Она запросто может снять ее всего одним движением.

Я чувствую, как она словно стоит на распутье, принимая решение, и нерешительно замирает подо мной.

— Люк. Погоди. Остановись.

Я перестаю двигаться и закрываю глаза, лицом прижавшись к ее шее.

Нет. Пожалуйста.

Держа в кулаках мою футболку, Лондон отталкивает меня от себя.
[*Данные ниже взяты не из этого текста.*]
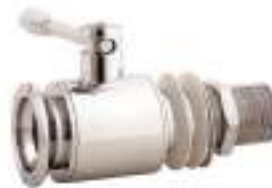
VALVULA DE BOLA INOX. ROSCA GAS CON TUERCA PARA TINO MADERA-RACOR ENOLOGICO FIG. 125
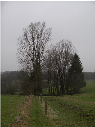
Teich zwischen Berg und Heide (2008)
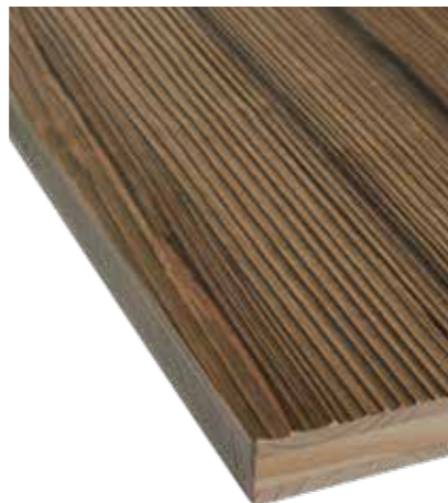
LIGNAPRINT : ÉPICÉA RUSTIQUE
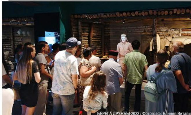
БЕРЕГА ДРУЖБЫ-2022

• в Петрушинском отделе им. И.П. Мележа прошел Районный (зональный) литературный этноперекрёсток «В семье народов России».
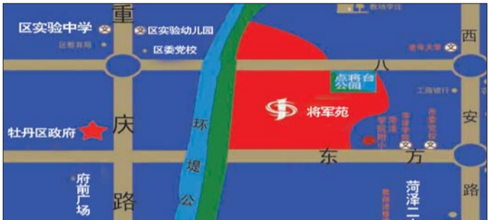
▲教育地产之将军苑
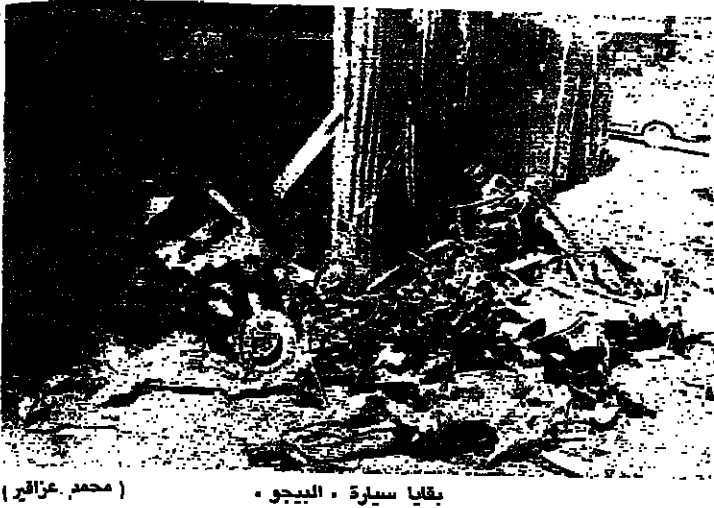
بقايا سيارة البيجو - محمد عزراي
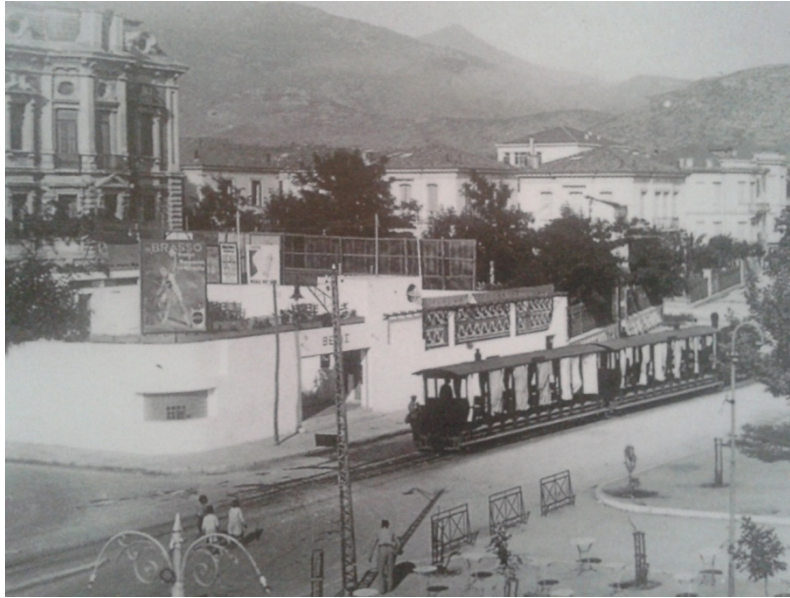
Εικόνα 29. Η «Θέτις» δίπλα από την "Εξωραϊστική"

Κάθε Χριστούγεννα και Πρωτοχρονιά επίσης πρωτοστατεί δίνοντας γιορτινές νότες στις κεντρικές οδούς του Βόλου προσθέτοντας τόνο και ατμόσφαιρα για αυτό και οι πολίτες έχουν συνηθίσει από χρόνια την παρουσία της, μιας και η Φιλαρμονική δεν περνάει απαρατήρητη και χωρίς θαυμασμό. Κάθε χρόνο επισκέπτεται το Αχιλλοπούλειο Νοσοκομείο για τα καθιερωμένα «κάλαντα», το Γηροκομείο και άλλα ιδρύματα της πόλης, γεμίζοντας χαρά και συγκίνηση τους ανθρώπους που βρίσκονται εκεί. 206
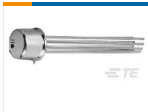
TE 产品编号1617119-5 J1MAW-18XP = M39016/7-021P
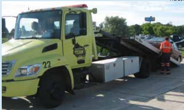
Pab Neeg Saib Xyuas Tsheb Raws Txoj Kev Loj yog zoo li hom tsheb loj sib cab.

Teebmeem: Thaj chaw ua haujlwm raws kev yuav nqaim thiab nyuaj rau cov neeg khiav tsheb mus los nyob hauv Ib Cheeb Tsam Winnebago. Kev daws teebmeem los ntawm WisDOT: muaj Pab Neeg Saib Xyuas Raws Txoj Kev Loj.
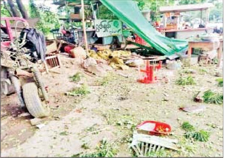
နိုဝင်ဘာ ၂၄ ရက်တွင် မဟာအောင်မြေမြို့နယ် သံလျက်မှော်အနောက်ရပ်ကွက် ကမ်းနားလမ်းဈေး၌ လက်လုပ်ပုံးပစ်ပေါက်ခဲ့သည့် မှတ်တမ်းဓာတ်ပုံ။
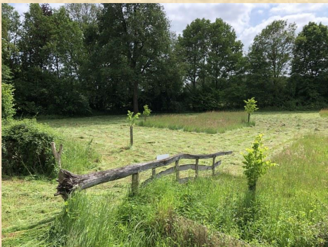
SINUS-beheer Schreuders Weide Haarlo

Op de rijkere delen waar verschraling gewenst is, passen we overgangsbeheer toe. Hierbij letten we altijd op de ecologische toestand.
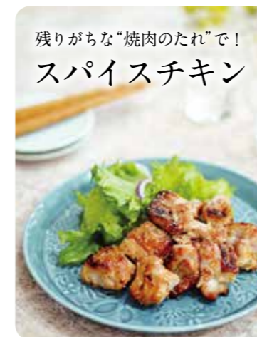
残りがちな「焼肉のたれ」で！ スパイスチキン

【材料】(4人分) 鶏もも肉……300g 油……………大さじ1 焼肉のたれ…大さじ4 塩……………少々 カレー粉……大さじ1 こしょう……少々
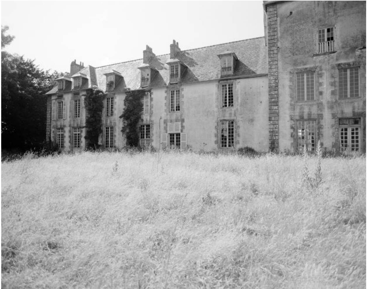
Elévation sud, aile ouest, vue sud-est.
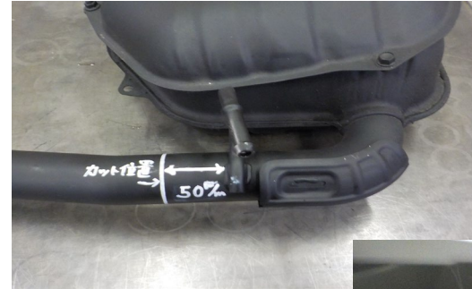
純正マフラーカット 位置写真
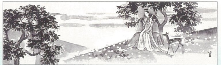
上村松篁(額田女王挿絵原画)第3章・6

万葉の歌は、時を越えて歌い継がれ今日でも多くの人々に愛されています。人々の純粋で繊細な感情や自然と向きあう真摯な姿は歌の中で生き生きと力強く、また優雅に表現されています。日本画家上村松篁も、おほかたで心豊かな万葉の世界に憧れ、若い頃から万葉歌を愛読し、自らの絵の制作の糧としてきました。 本展では、昭和43年1月から昭和44年3月にわたり「サンデー毎日」に連載された井上靖氏作の歴史小説「額田女王」に添えた松篁の挿絵原画124点を、物語を追いながら各場面で歌われる万葉歌とともに展示します。登場人物の豊かな感情や彼らをとりにかこむ四季折々の美しい自然は、墨の濃淡によって簡潔かつ繊細に表現され、臨場感にあふれています。また、松篁の描いた万葉の世界の集大成ともいえる超大作「万葉の春」や、万葉歌に歌われている鳥や花を描いた松篁・淳之の花鳥画もあわせてご覧頂き、しばし悠久の時をお楽しみいただければ幸いです。
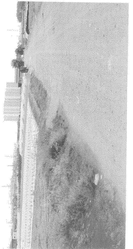
三樓台小差 三樓台小差
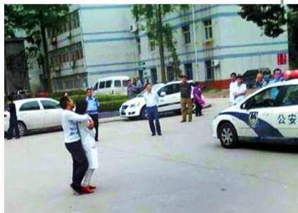
陈某劫持人质和警方对峙。
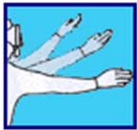
Prendre cette direction
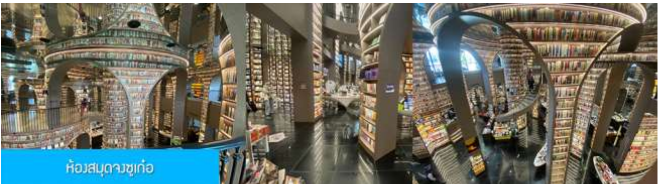
ห้องสมุดงูชู่เก๋

Мое сердце может связать само себя в узел — напряжение в нем еще более невыносимое, чем в теле.

— Мы не можем, — сдавленно выдохнув, говорит она. — Не должны.
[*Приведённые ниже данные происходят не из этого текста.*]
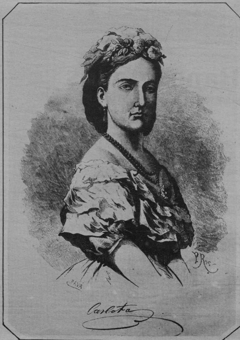
Una antigua litografía de la Emperatriz Carlota, que acaba de fallecer en Bélgica (Fot. Vidal)
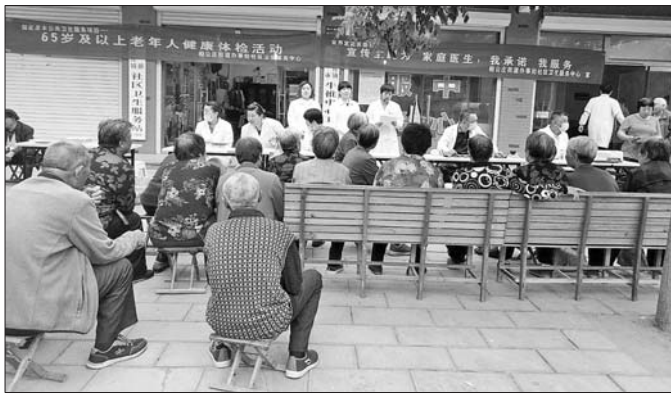
一大早查体现场就排起了长龙。

为进一步深化医改,转变医疗卫生服务模式和服务理念,构建新型和谐医患关系,充分发挥村卫生室和相公庄街道社区卫生服务中心(以下简称中心)在三级医疗卫生体系中的网底功能和“健康守门人”作用,引导辖区居民到中心(村卫生室)就诊,促进基层首诊、分级诊疗、双向转诊、有序就医格局的形成。
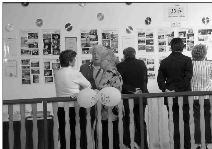
Pillanatkép a kiállításról

Szolgáltatásunk, szolgálatunk lényege, hogy közvetítsük a valóság legkülönbözőbb arcait az észlelés és tudás legváltozatosabb formáin keresztül. Ez az iskola tudja azt is, hogy a legfontosabb modernizációs feladata felkészíteni a tanulókat az informatikai eszközök használatára, és emberléptékű környeze-
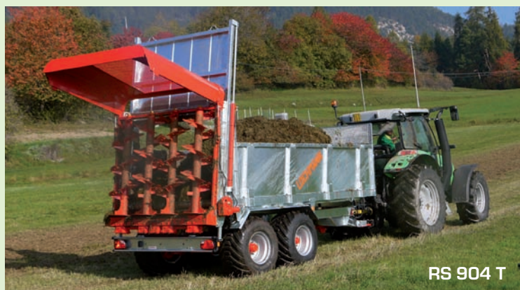
RS 904 T
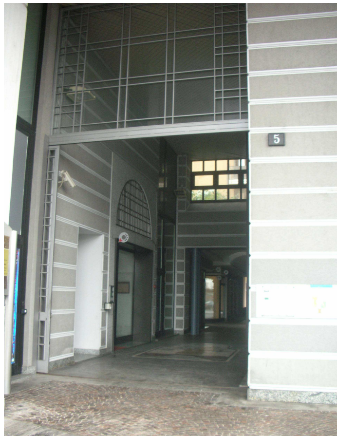
Entrata al complesso di via Valenza 5
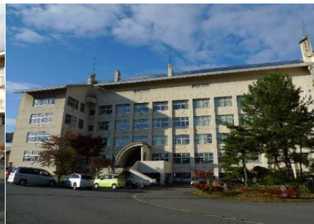
飯山市立 城北中学校 2.4km 車で5分

Оттолкнувшись руками, я сажусь на пятки и смотрю, как она поднимается на ноги.

— Извини, — отвечаю я. И я совершенно серьезен. Знал ведь, что она не так ко мне относится, как я к ней, но продолжал напирать.

— Нет, ты меня извини. Это все я.

Лондон протягивает мне руку, но я отмахиваюсь и встаю.

— М-да, стало неловко, — тихо застонав, говорю я.

— Да нет… — со смехом отвечает она, но это явно означает да.

Я не знаю, что теперь делать. Смотрю в сторону, чувствуя ее дискомфорт и захлебываясь в нем.

Потом мы одновременно оборачиваемся друг на друга.

— Думаешь, стоит поговорить о… — начав, замолкаю я.

— Э-э. Нет, — напугавшись, отвечает она. — Это была минутная слабость, которой больше не повторится.

Минутная слабость? То есть она как бы это хотела?

— Но что, если я хочу поговорить?

— Ну о чем тут говорить? — она беспомощно пожимает плечами.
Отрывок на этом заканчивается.